勿論オペラの台本自体は台本作家というのがおり、「フィガロの結婚」「ドン・ジョヴァンニ」「コシ・ファン・トゥッテ」の台本はロレンツォ・ダ・ポンテという詩人・台本作家が手がけていますし、「魔笛」の台本は劇場支配人・興業主・俳優・歌手のエマヌエル・シカネーダーが自分の一座のために手がけたものです。
しかしモーツァルトはオペラを書く場合、どんな台本を与えられてもそのまま台本に合わせて作曲した訳ではなく、台本にいろいろと注文をつけ、部分的には自分で直したりしていたことから、音楽とストーリーのバランスや構成に大きくこだわって作品を作り上げていたことが伺えるのです。
モーツァルトは単に音楽が素晴らしいだけの音楽家ではなく、ある種シェークスピアに匹敵するほどの情景と情感をストーリーとして頭の中で描き、それを譜面にしていた非常に多才な才能を持ち合わせていた稀有な天才であった訳です。
作品の中身を見ても、その多才さが良くわかります。
浮気をする伯爵を成敗する「フィガロの結婚」、女好きで遊び人の貴族を地獄に落とす「ドン・ジョヴァンニ」、許婚の女性が貞節か否かを試す「コシ・ファン・トゥッテ」、王子がいろいろな試練を乗り越えて可愛い娘と結ばれる「魔笛」といった具合に、啓蒙時代の貴族をあれこれ皮肉った要素も盛り込みながら、通俗的なだけでなく不思議なことにどこか抽象的な要素を感じさせ、聴き手によっていろいろな感じ方で楽しめることも、非情に優れたオペラ芸術として仕上がっている証です。

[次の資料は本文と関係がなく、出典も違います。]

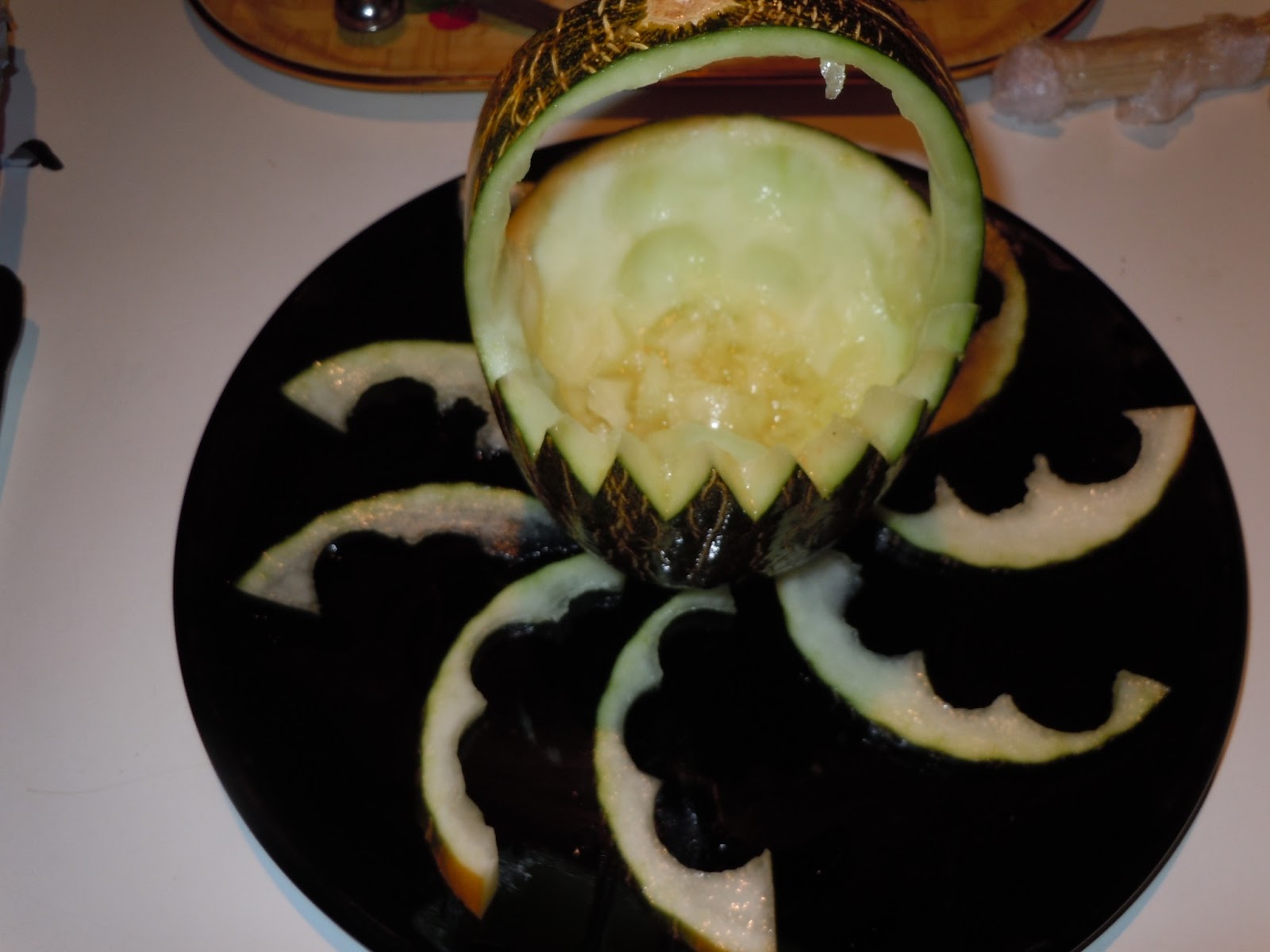 Cuando ya hemos vaciado el melón por completo,presentamos en un plato.

モーツァルトのオペラは、人間の持ついろいろ多面的な要素を否定することなく、登場人物それぞれに共感を寄せられるように人のありのままの姿を活き活きと描かれることが特徴なのです。
またモーツァルトのお話の一番のポイントとなるのは、オペラの作品が彼の人生の様々なテーマと関わっていたことです。
一番大きな問題は、やはり父子関係でしょう。
父の英才教育と各国を回って吸収した多くの経験が、モーツァルトが数々の作品を生み出した原動力になっています。

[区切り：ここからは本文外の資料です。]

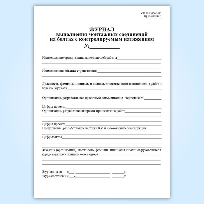 Форма журнала соответствует Приложению 5 к Строительным нормам и правилам: Несущие и ограждающие конструкции СНиП 3.03.01-87, а также Приложению Д к СП 70.13330.2012 Свод правил. Несущие и ограждающие конструкции.
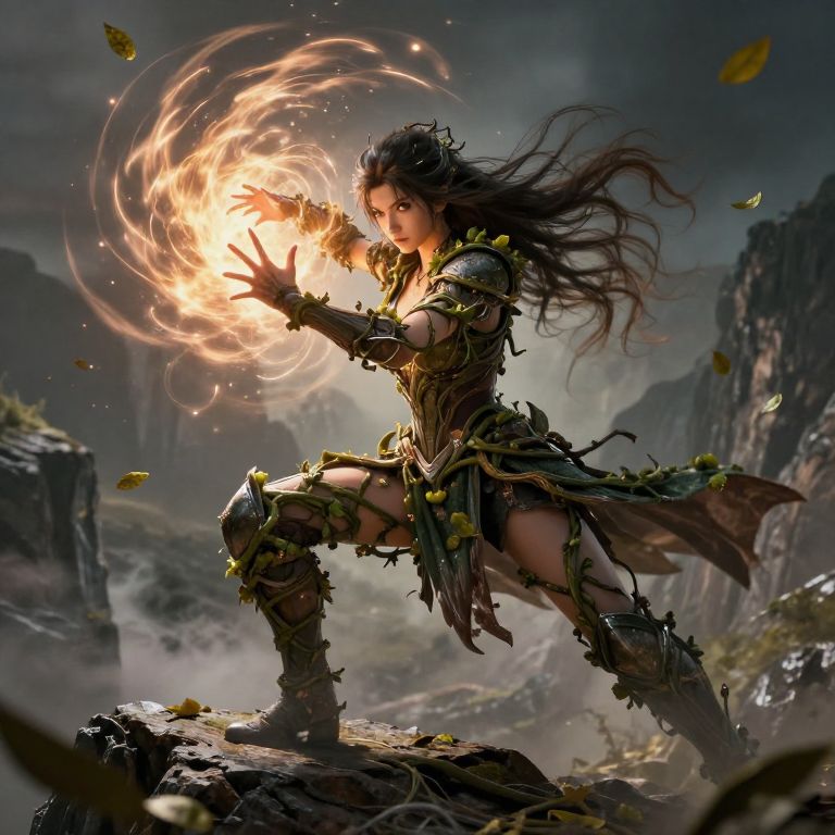 A digital fantasy artwork depicts a fierce, dark-haired female warrior with long, flowing hair, wearing tattered, leafy armor. She is crouching on a rocky, misty terrain, surrounded by jagged cliffs and floating leaves. Her right hand is glowing with a swirling, fiery orb of light, casting an intense, golden hue. Her expression is focused and determined. The background is dark and moody, with a cloudy sky and misty atmosphere, enhancing the mystical and powerful vibe. The image combines elements of fantasy and magic, highlighting her strength and control over fire magic.

そんな父を尊敬し愛していながら、その父は生前生後に渡り自分の自由を奪う存在であり続け、結婚を巡っても大変な対立をしたことが残されていますし、こうした矛盾に満ちた父子関係をモーツァルトは死ぬまで抱え込んでいました。
ある批評家は「モーツァルトのオペラはすべて父と息子を巡る物語だ」と説明していますが、そう言わせてしまうくらい父子の関係の影響は、いろいろ作品に現れているのです。
他にも、各国で仕えた王やパトロンとモーツァルトとの主従関係であったり、恋愛問題、浪費を尽くした生活など、モーツァルトの人生における特徴的な問題が彼のオペラの作品の中にも顕著に表れているのです。
どうでしょう。
せっかくのモーツァルトの誕生日を機に、一度彼のオペラにも触れてみてはいかがでしょうか。

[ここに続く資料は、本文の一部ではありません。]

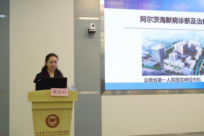 云南省第一人民医院神经内科副主任,博士,主任医师,硕士生导师,中华医学会神经病学分会神经心理与行为神经病学组委员陈文利教授作“阿尔兹海默病诊断及治疗进展”专题讲座。陈教授从一位资深的神经内科医生的角度,详细地介绍了AD的病因学分类、目前AD发病的致病机理、临床表现、诊断AD的相关辅助检查、AD的治疗等,从临床更深刻且全面的角度去解读AD研究及治疗展望。
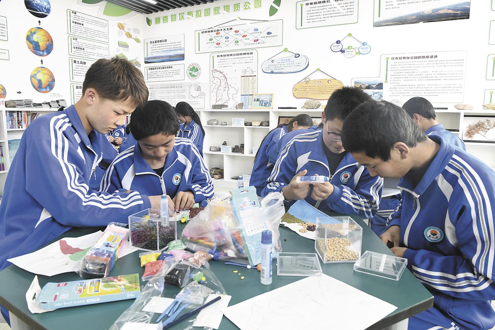 學(xué)生正在開展地質(zhì)科普手工。才貢加 張多鈞 攝
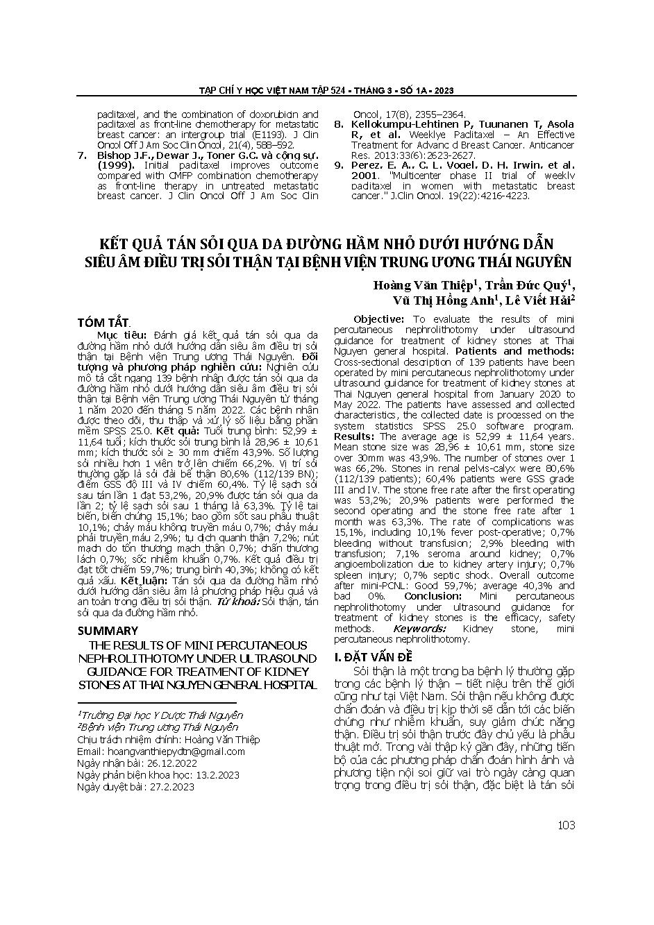 Kết quả tán sỏi qua da đường hầm nhỏ dưới hướng dẫn siêu âm điều trị sỏi thận tại Bệnh viện Trung ương Thái Nguyên = The results of mini percutaneous nephrolithotomy under ultrasound guidance for treatment of kidney stones at Thai Nguyen general hospital

以下、代表的なモーツァルトのオペラのあらまし、です。
『フィガロの結婚』
この作品(K.492、1786年ウィーン、30歳、イタリア語台本)は、フィガロという召使が自分の主人アルマヴィーヴァ伯爵からの妨害に対して、自分の才知を駆使して主人をやり込め、逆に恥をかかせるという話です。
『フィガロの結婚』というのはもとは芝居で、フランスの劇作家ボーマルシェが書いた原作は、フランスでは発禁になっていました。
話の内容が貴族の支配を転覆させかねないようなものであったため、ウィーンでも芝居としては上演できなかったものです。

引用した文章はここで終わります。